- Here's one totally uncontroversial statement: Life exists in our universe.

Okay, let's try another one.

Therefore, our universe is capable of producing and supporting life.

Okay, let's try one final uncontroversial statement.

Therefore, there are countless universes.

(hums) (funky music) Our universe seems to operate according to a set of fundamental rules that we try to understand and model with the equations of our laws of physics.

Those equations always include one or more fundamental constants, simple numbers that set the scale for the equation.

We can't determine the values of these constants from pure theory, we have to measure them in the real universe.

These are things like the speed of light, the Planck constant, the masses of the elementary particles, and the constants to finding the relative strengths of the fundamental forces, the so-called "coupling constants".

Between the general theory of relativity and the standard model of particle physics, there is something like 20 independent fundamental constants of nature.

20 free parameters, like movable dials that seem to be tuned to very specific numbers in this universe.

Perhaps in other universes they could be set to other values entirely, or perhaps they're connected and controlled by some master dial or dials whose nature awaits discovery in the long sort theory of everything.

But whether there are few or many free parameters defining the physics of this universe, one thing is becoming increasingly clear.

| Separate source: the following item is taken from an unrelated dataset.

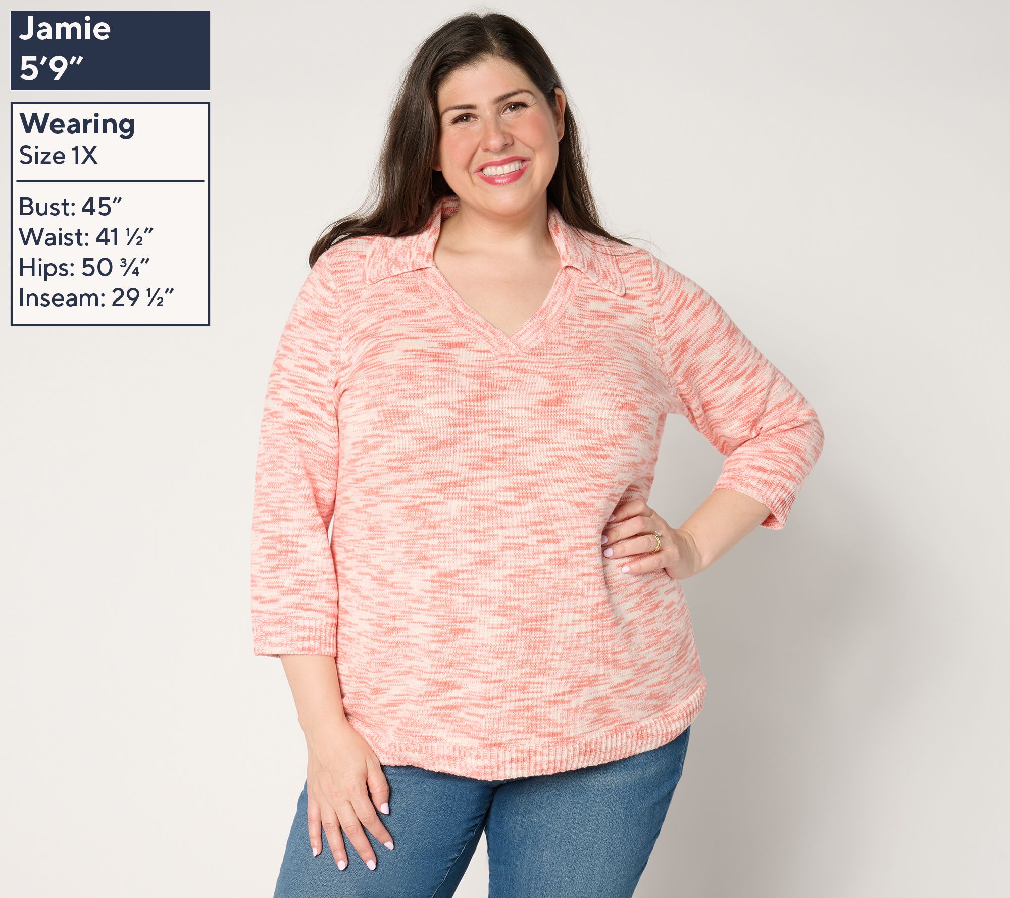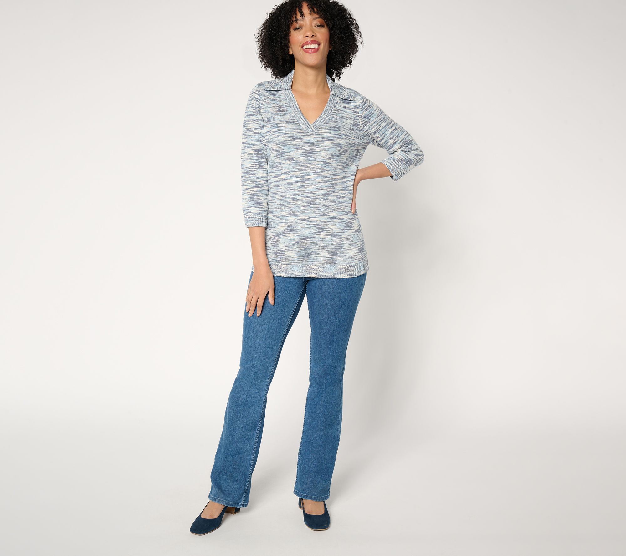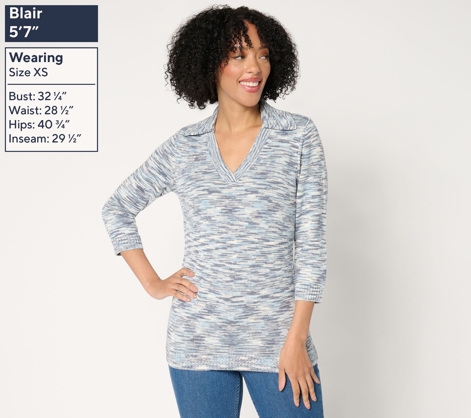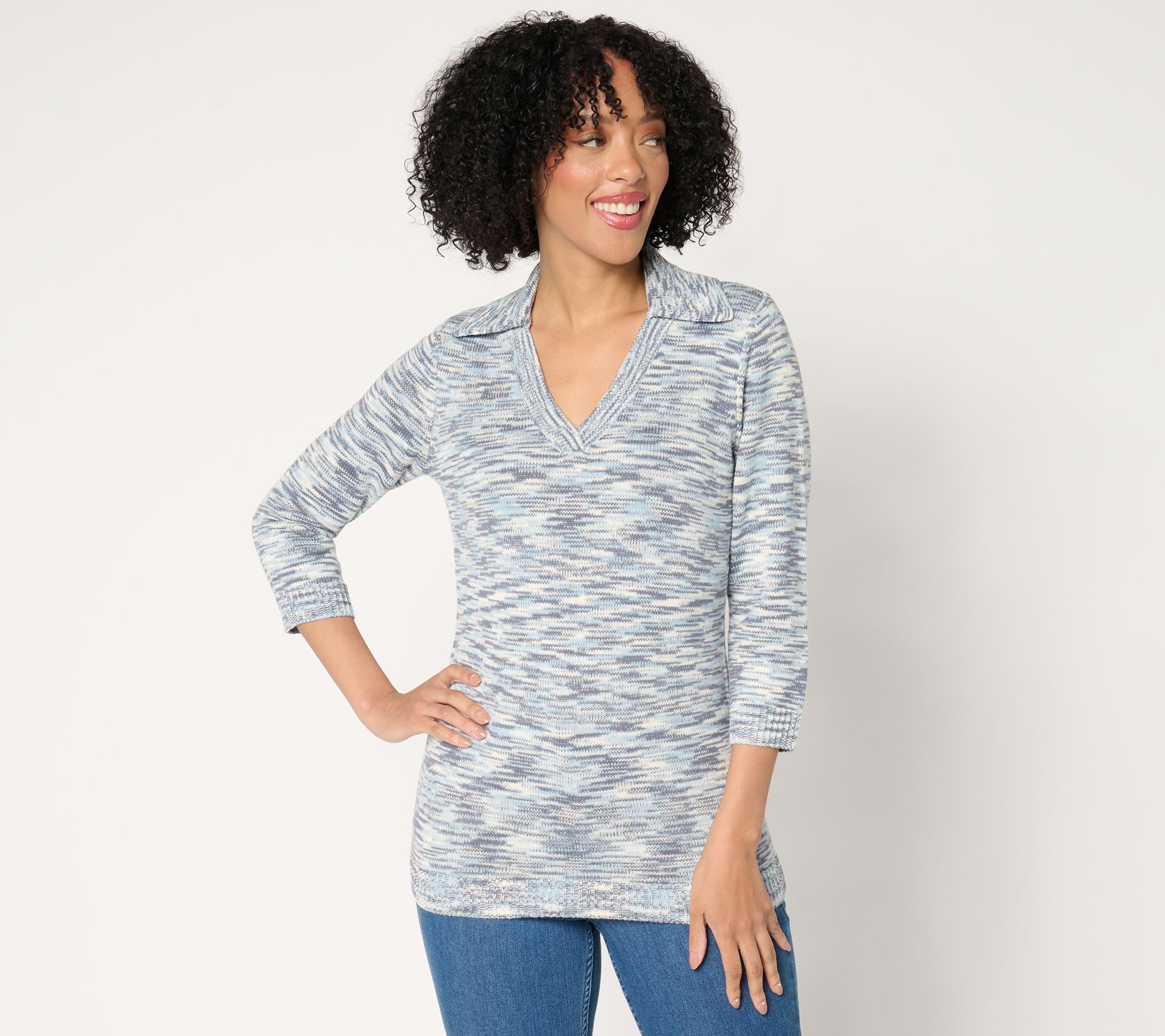 "As Is" Susan Graver Split Neck Elbow Sleeve Sweater

It's good that they have the values that they do.

If the constants defining our universe were different, a tiny bit different in some cases, then our universe would be vastly different, and probably unable to produce galaxies, or stars, or life.

We seem to live in a fine-tuned universe, a Goldilocks universe, and this seems to imply one of the following must be true.

One, we got lucky.

The 20 odd dials just happened to land in the very narrow range of numbers that allow life to form.

Or two, someone fiddled with the dials, be it God, or whoever built the simulation.

Or three, we didn't get lucky, and there was no fiddling, it's just that there are enough universes that somewhere the dials had to end up with the right settings for life.

And naturally, that's where we find ourselves.

This last possibility draws on something called "the anthropic principle".

In the last episode, we talked about the anthropic principle as related to where we find ourselves in this universe.

Necessarily, within what may be an extremely rare habitable biosphere.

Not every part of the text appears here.